Pleural effusions are the accumulation of fluid in the space between the lung and chest wall and are commonly caused by cancer (malignant pleural effusions, MPEs), though other benign causes include heart, liver or renal failure. MPEs signify advanced cancer and are associated with significant morbidity and mortality (1,2). Indwelling pleural catheters (IPCs) are an effective treatment for breathlessness caused by MPEs, and are also used in treatment-refractory, benign pleural effusions (3,4). The most significant and common complication of IPC usage is infection (5,6). In this review, we discuss the incidence, microbiology, pathology and management of IPC infection and colonisation.

Definitions

IPC infections refer to microbial growth on an IPC or associated pleural fluid, leading to infective signs and symptoms. In contrast, IPC colonisation describes microbial growth in pleural fluid that does not cause a clinically evident infection.

IPC infections can be divided into superficial or deep (Table 1). However, many terms have been used to describe categories of IPC infection (5,7-10).

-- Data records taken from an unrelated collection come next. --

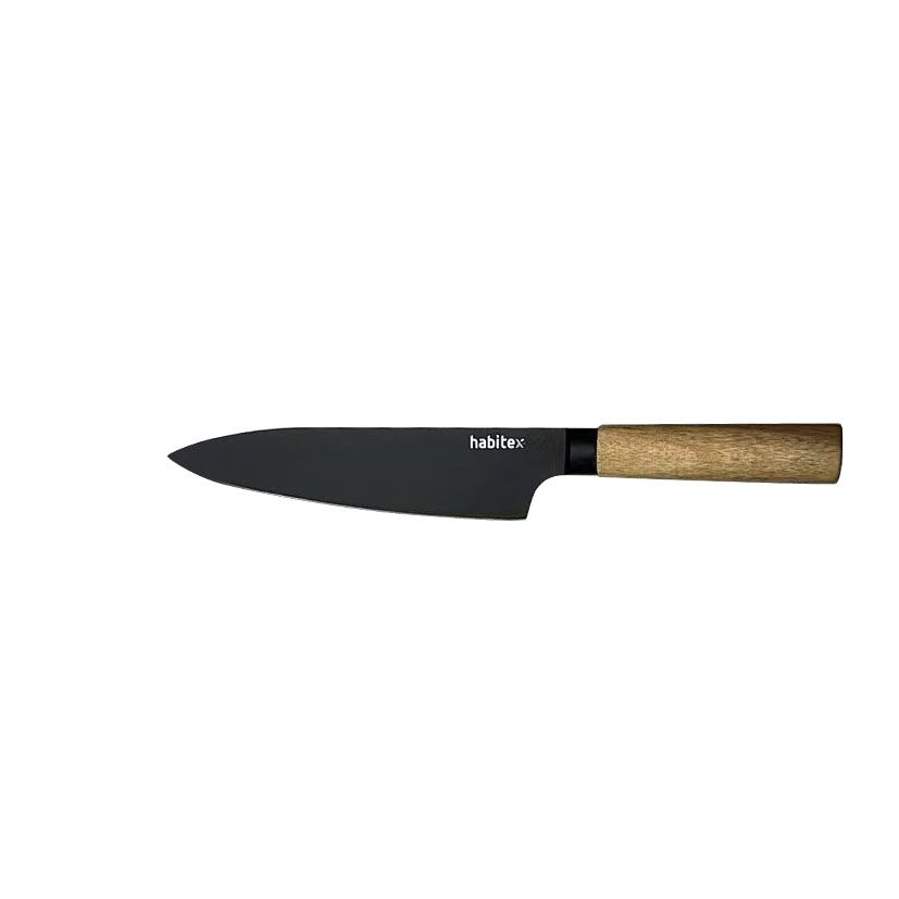Lâmina em aço inoxidável de alto carbono com acabamento revestido. Afiada com precisão. Cabo em madeira de acácia.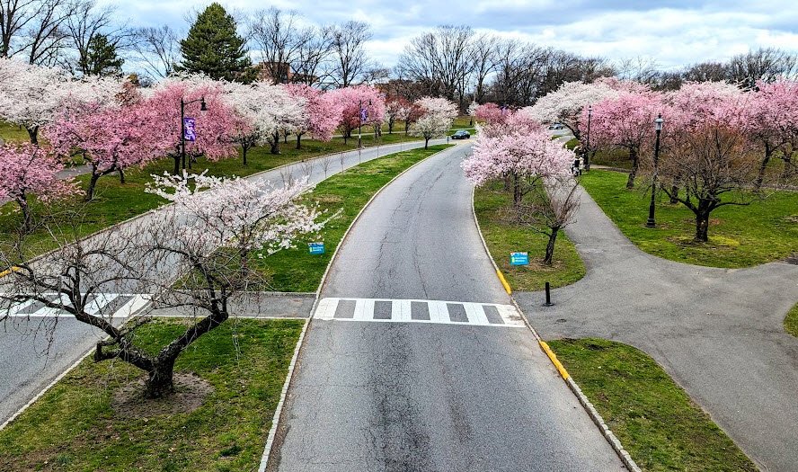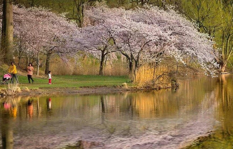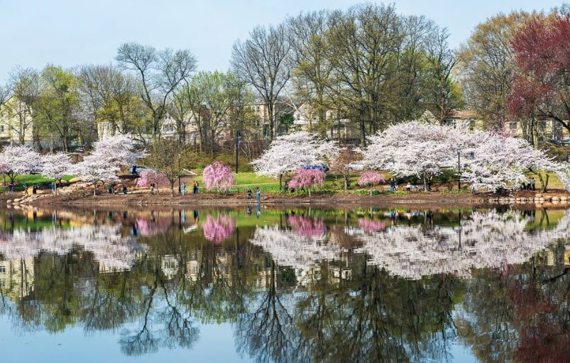 Designed initially by John Bogart and Nathan Barrett and later refined by the Olmsted Brothers, the park features a unique blend of gardenesque elements, naturalistic landscapes, numerous bridges, gazebos, and arbors alongside geometrically patterned gardens. It is renowned for its extensive collection of more than 4,000 cherry blossom trees planted in 1927, which draw large crowds each spring for the celebrated Cherry Blossom Festival.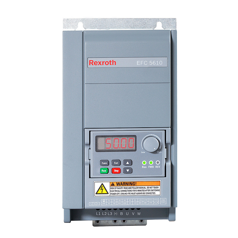 Mit der Serie EFC 5610 bietet Bosch Rexroth im Leistungsbereich bis 160 kW eine leistungsfähige Vektorregelung für optimalen Drehmomentverlauf und hohes Startdrehmoment. Die Baureihe überzeugt durch eine einfache Installation und Inbetriebnahme und bietet eine Vielzahl intelligenter Features wie z.B. Erweiterungsmöglichkeiten durch unterschiedliche E/A- und Feldbusmodule, Bedienfeld mit Parameterkopierfunktion oder auch die standardmäßig integrierte Modbus-Schnittstelle zur Vernetzung.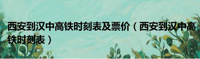 导读 大家好,今天小六子来为大家解答以下的问题,关于西安到汉中高铁时刻表及票价,西安到汉中高铁时刻表这个很多人还不知道,现在让我们一起来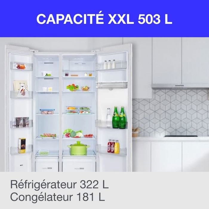 Frigorífico americano – CONTINENTAL EDISON – CERA505NFWD – 503 L – Total No Frost – Clase energética D – An. 92 x Al. 177 cm – Blanco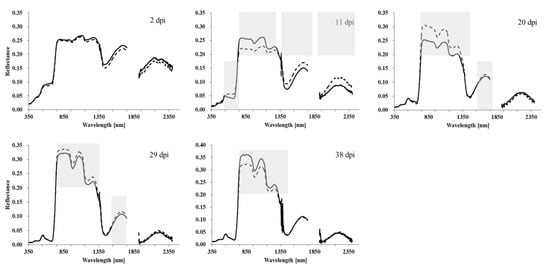 Effect of the yellow rust development on the spectral reflectance of winter wheat as days post inoculation (dpi) increase. Gray areas in the reflectance images (lower) indicate significantly different spectral ranges between the inoculated (dotted black line) and non-inoculated (solid black line) leaves.

The American Association for Bronchology and Interventional Pulmonology (AABIP) noted the lack of universally applicable definitions used to describe IPC infections and categorized infections according to the site of infection, as described in Table 1 (7,8). Subsequent guidelines simplified this further, proposing just two broader categories of infection: superficial infections (including cellulitis, exit-site and catheter-tract infection; Figure 1) and deep, pleural space infections (9). For the purposes of this review, we will describe IPC infections as superficial or deep, as defined in Table 1.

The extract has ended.